Records from a data source
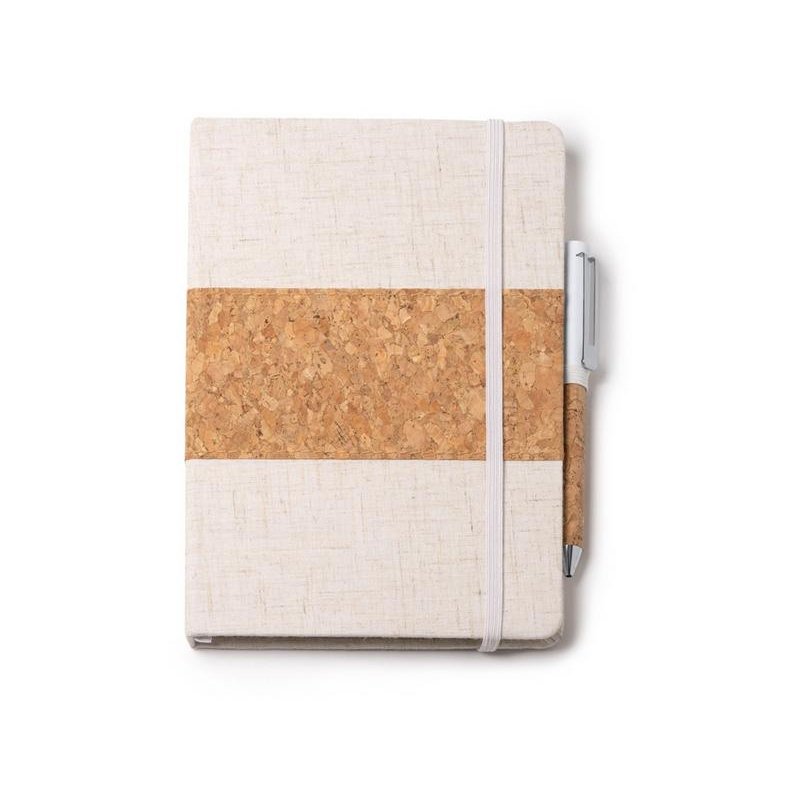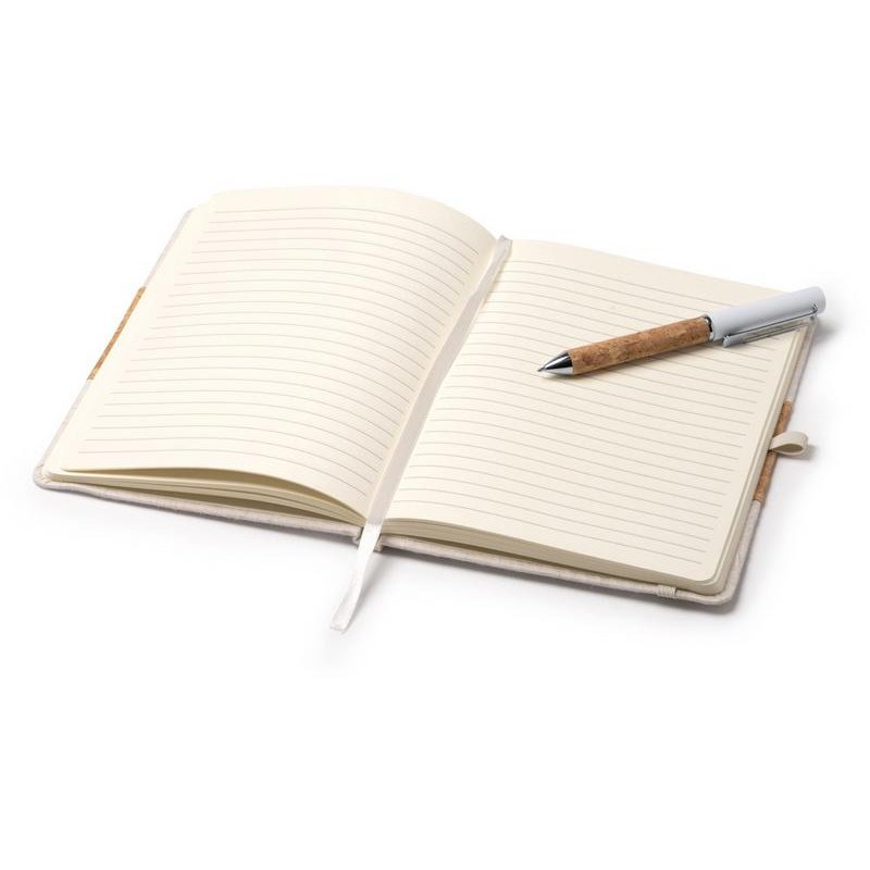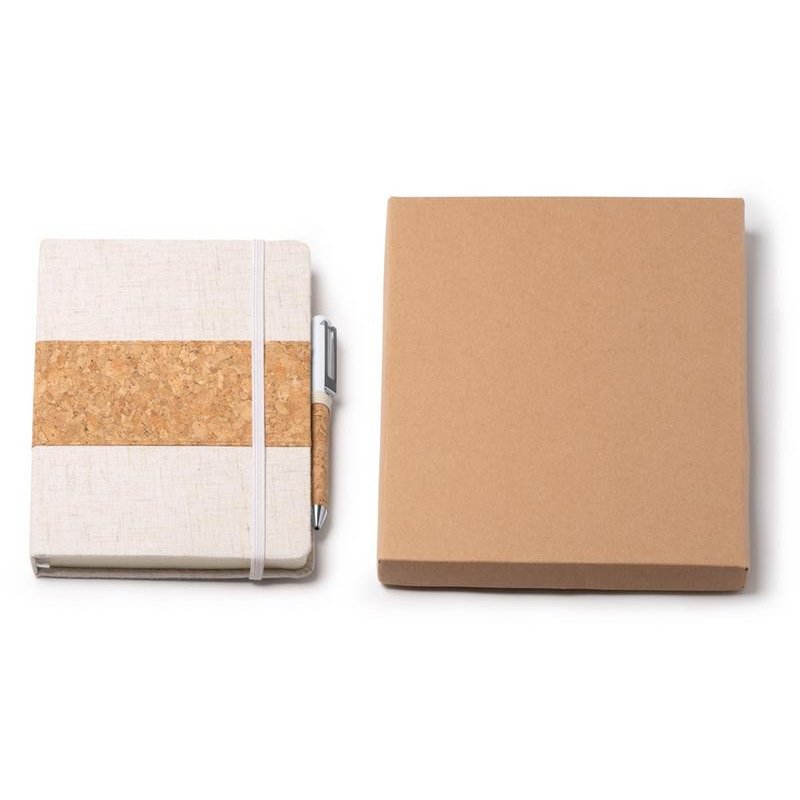 Набор состоит из блокнота A5 и ручки в коробке из крафта. Блокнот в твердой обложке из хлопка и пробки с 80 линованными листами. Металлическая шариковая ручка в корпусе из пробки и с синими чернилами.
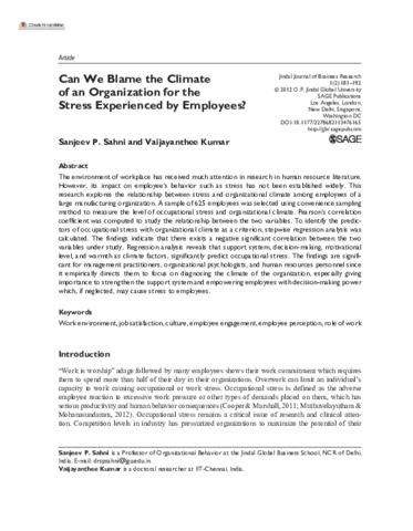 Sahni, Sanjeev P. and Kumar, Vaijayanthee (2012) Can we blame the climate of an organization for the stress experienced by employees? Jindal Journal of Business Research, 1 (2): 2012. pp. 181-192. ISSN 23210311
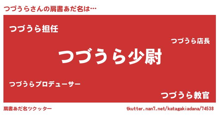 | 男性向けラノベタイトル風あだ名 | 『転生したらつづうらだった件』 |
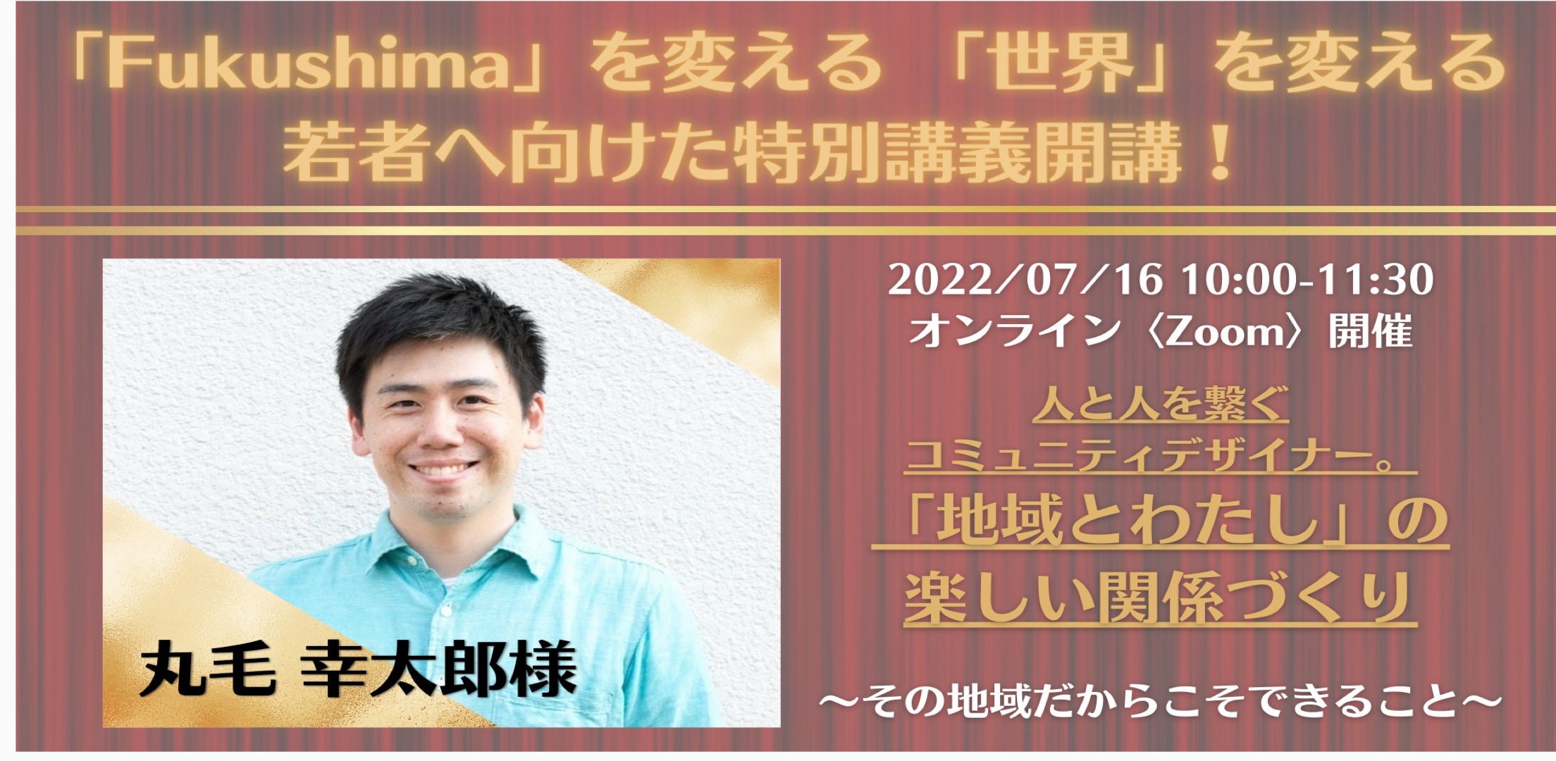 7/16(土)10:00~11:30【Fukushimafrogs寄付講座】 人と人を繋ぐコミュニティデザイナー丸毛幸太郎氏-登壇!!
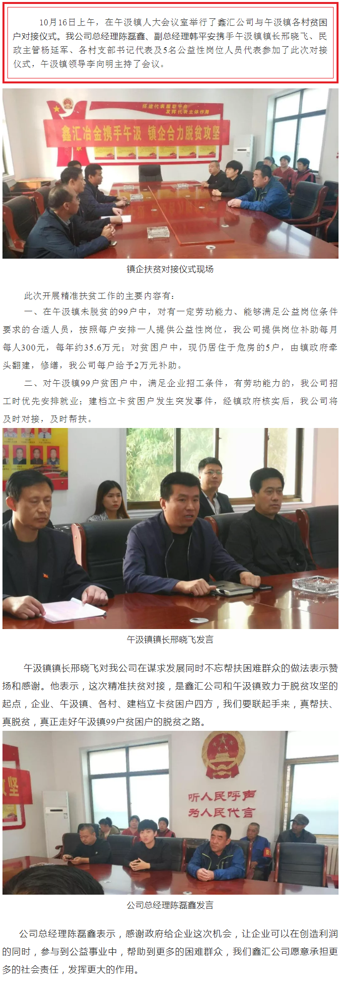 鑫匯冶金攜手午汲,鎮(zhèn)企合力脫貧攻堅
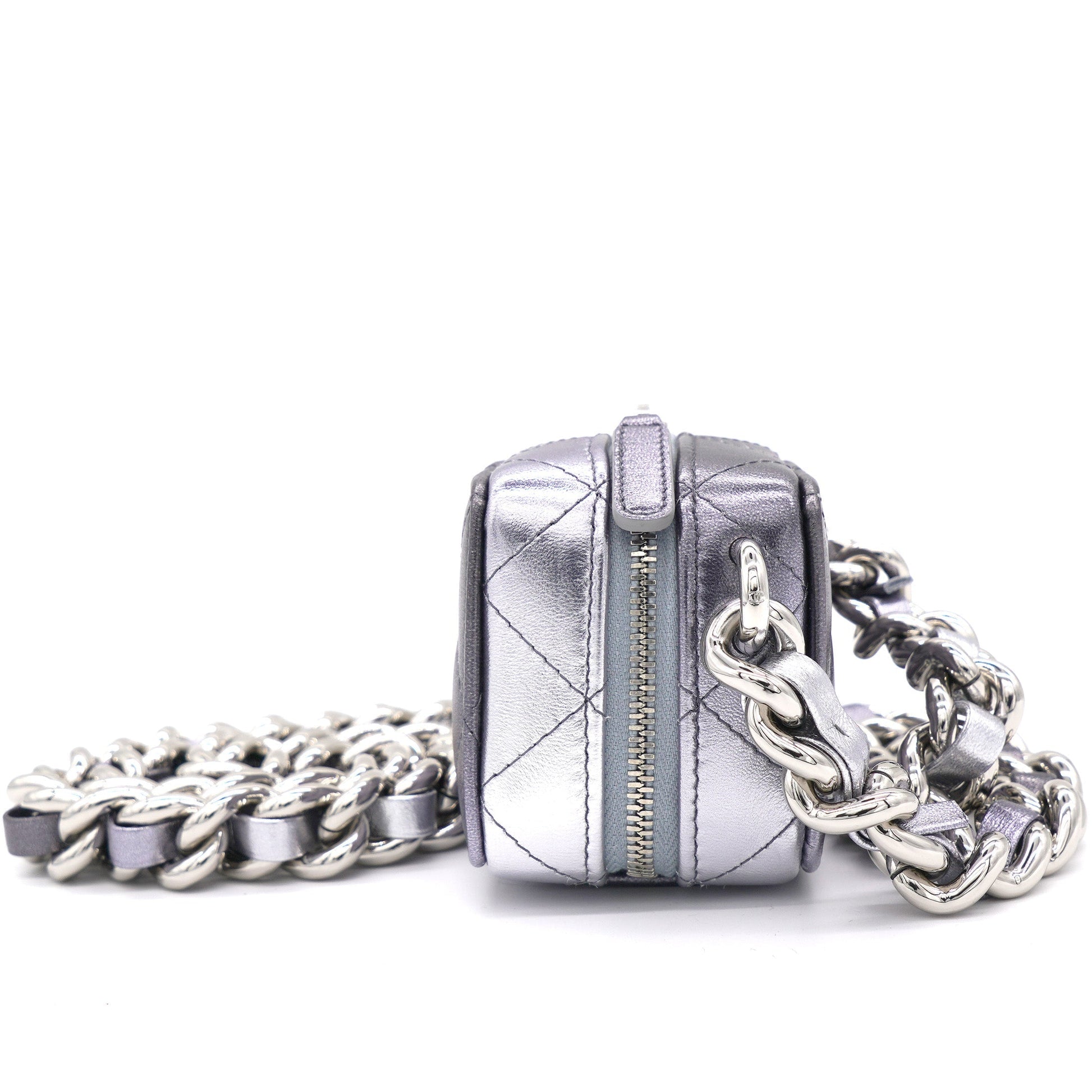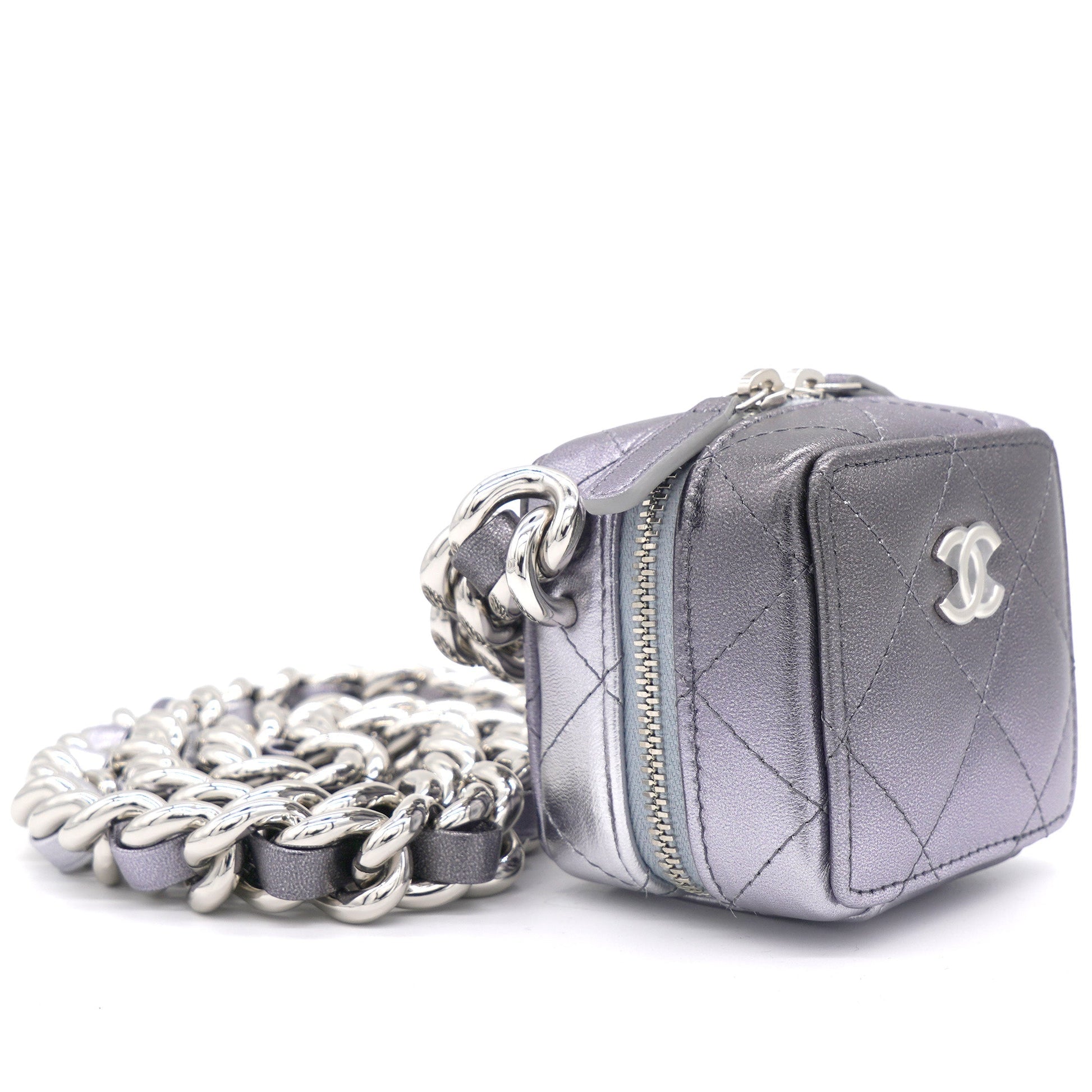 Chanel Gradient Metallic Silver and Purple Lambskin Clutch with Chain

### Task requirements
The records above need to be copied exactly, with the pictures left out.

### Expected answer
 Набор состоит из блокнота A5 и ручки в коробке из крафта. Блокнот в твердой обложке из хлопка и пробки с 80 линованными листами. Металлическая шариковая ручка в корпусе из пробки и с синими чернилами.
 Sahni, Sanjeev P. and Kumar, Vaijayanthee (2012) Can we blame the climate of an organization for the stress experienced by employees? Jindal Journal of Business Research, 1 (2): 2012. pp. 181-192. ISSN 23210311
 | 男性向けラノベタイトル風あだ名 | 『転生したらつづうらだった件』 |
 7/16(土)10:00~11:30【Fukushimafrogs寄付講座】 人と人を繋ぐコミュニティデザイナー丸毛幸太郎氏-登壇!!
 鑫匯冶金攜手午汲,鎮(zhèn)企合力脫貧攻堅
 Chanel Gradient Metallic Silver and Purple Lambskin Clutch with Chain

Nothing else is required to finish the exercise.